- **Information shown**:
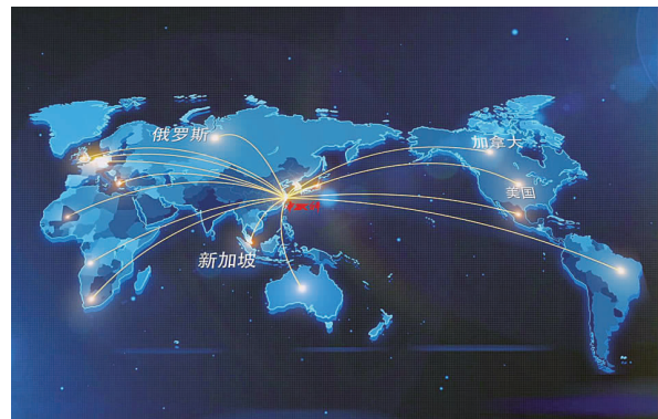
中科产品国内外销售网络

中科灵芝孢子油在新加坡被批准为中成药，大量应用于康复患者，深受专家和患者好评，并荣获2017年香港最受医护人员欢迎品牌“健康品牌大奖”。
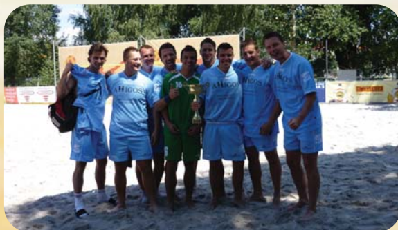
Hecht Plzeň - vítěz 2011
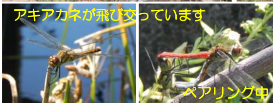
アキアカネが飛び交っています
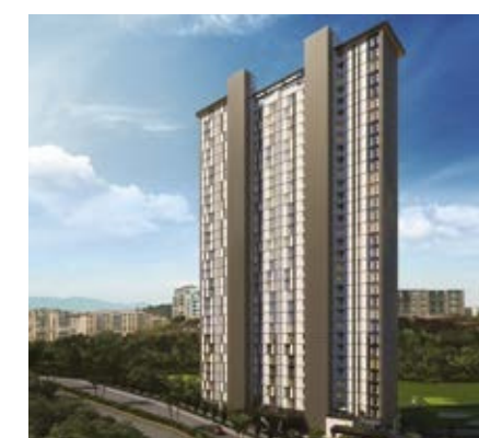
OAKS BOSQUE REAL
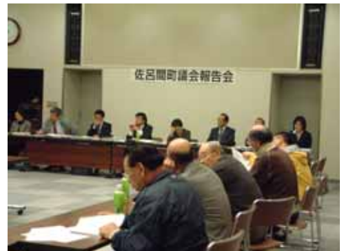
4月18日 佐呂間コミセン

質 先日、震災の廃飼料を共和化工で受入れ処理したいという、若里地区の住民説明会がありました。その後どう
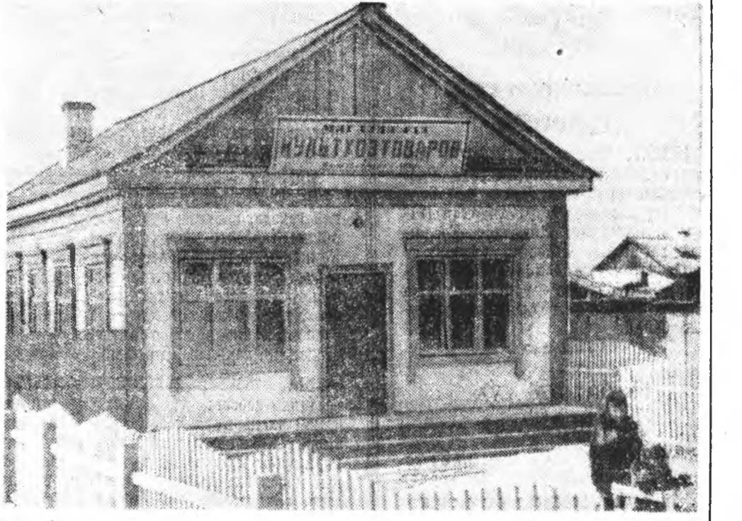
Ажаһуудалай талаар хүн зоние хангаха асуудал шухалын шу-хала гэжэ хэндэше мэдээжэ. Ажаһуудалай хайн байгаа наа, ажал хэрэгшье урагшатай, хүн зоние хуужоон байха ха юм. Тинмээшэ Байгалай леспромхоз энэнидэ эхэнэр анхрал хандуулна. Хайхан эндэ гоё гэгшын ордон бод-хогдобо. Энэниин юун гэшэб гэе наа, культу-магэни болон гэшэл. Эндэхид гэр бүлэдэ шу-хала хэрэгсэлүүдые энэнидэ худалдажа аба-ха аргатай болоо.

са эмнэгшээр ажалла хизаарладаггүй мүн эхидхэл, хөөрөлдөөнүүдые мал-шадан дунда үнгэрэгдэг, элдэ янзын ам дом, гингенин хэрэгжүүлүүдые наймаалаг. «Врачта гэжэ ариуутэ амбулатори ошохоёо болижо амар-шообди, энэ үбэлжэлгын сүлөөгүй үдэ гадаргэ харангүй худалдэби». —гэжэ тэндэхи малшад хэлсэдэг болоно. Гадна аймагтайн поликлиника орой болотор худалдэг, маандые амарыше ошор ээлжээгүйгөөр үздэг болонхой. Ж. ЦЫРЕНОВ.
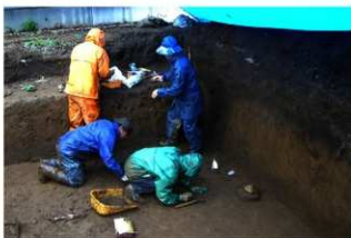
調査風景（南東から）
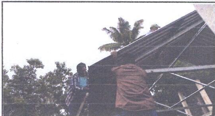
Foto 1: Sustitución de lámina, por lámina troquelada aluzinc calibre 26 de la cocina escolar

- **Exercise description**: Reproduce every record above exactly, omitting the pictures.

- **Response for this exercise**:
中科产品国内外销售网络

中科灵芝孢子油在新加坡被批准为中成药，大量应用于康复患者，深受专家和患者好评，并荣获2017年香港最受医护人员欢迎品牌“健康品牌大奖”。
Hecht Plzeň - vítěz 2011
アキアカネが飛び交っています
OAKS BOSQUE REAL
4月18日 佐呂間コミセン

質 先日、震災の廃飼料を共和化工で受入れ処理したいという、若里地区の住民説明会がありました。その後どう
Ажаһуудалай талаар хүн зоние хангаха асуудал шухалын шу-хала гэжэ хэндэше мэдээжэ. Ажаһуудалай хайн байгаа наа, ажал хэрэгшье урагшатай, хүн зоние хуужоон байха ха юм. Тинмээшэ Байгалай леспромхоз энэнидэ эхэнэр анхрал хандуулна. Хайхан эндэ гоё гэгшын ордон бод-хогдобо. Энэниин юун гэшэб гэе наа, культу-магэни болон гэшэл. Эндэхид гэр бүлэдэ шу-хала хэрэгсэлүүдые энэнидэ худалдажа аба-ха аргатай болоо.

са эмнэгшээр ажалла хизаарладаггүй мүн эхидхэл, хөөрөлдөөнүүдые мал-шадан дунда үнгэрэгдэг, элдэ янзын ам дом, гингенин хэрэгжүүлүүдые наймаалаг. «Врачта гэжэ ариуутэ амбулатори ошохоёо болижо амар-шообди, энэ үбэлжэлгын сүлөөгүй үдэ гадаргэ харангүй худалдэби». —гэжэ тэндэхи малшад хэлсэдэг болоно. Гадна аймагтайн поликлиника орой болотор худалдэг, маандые амарыше ошор ээлжээгүйгөөр үздэг болонхой. Ж. ЦЫРЕНОВ.
調査風景（南東から）
Foto 1: Sustitución de lámina, por lámina troquelada aluzinc calibre 26 de la cocina escolar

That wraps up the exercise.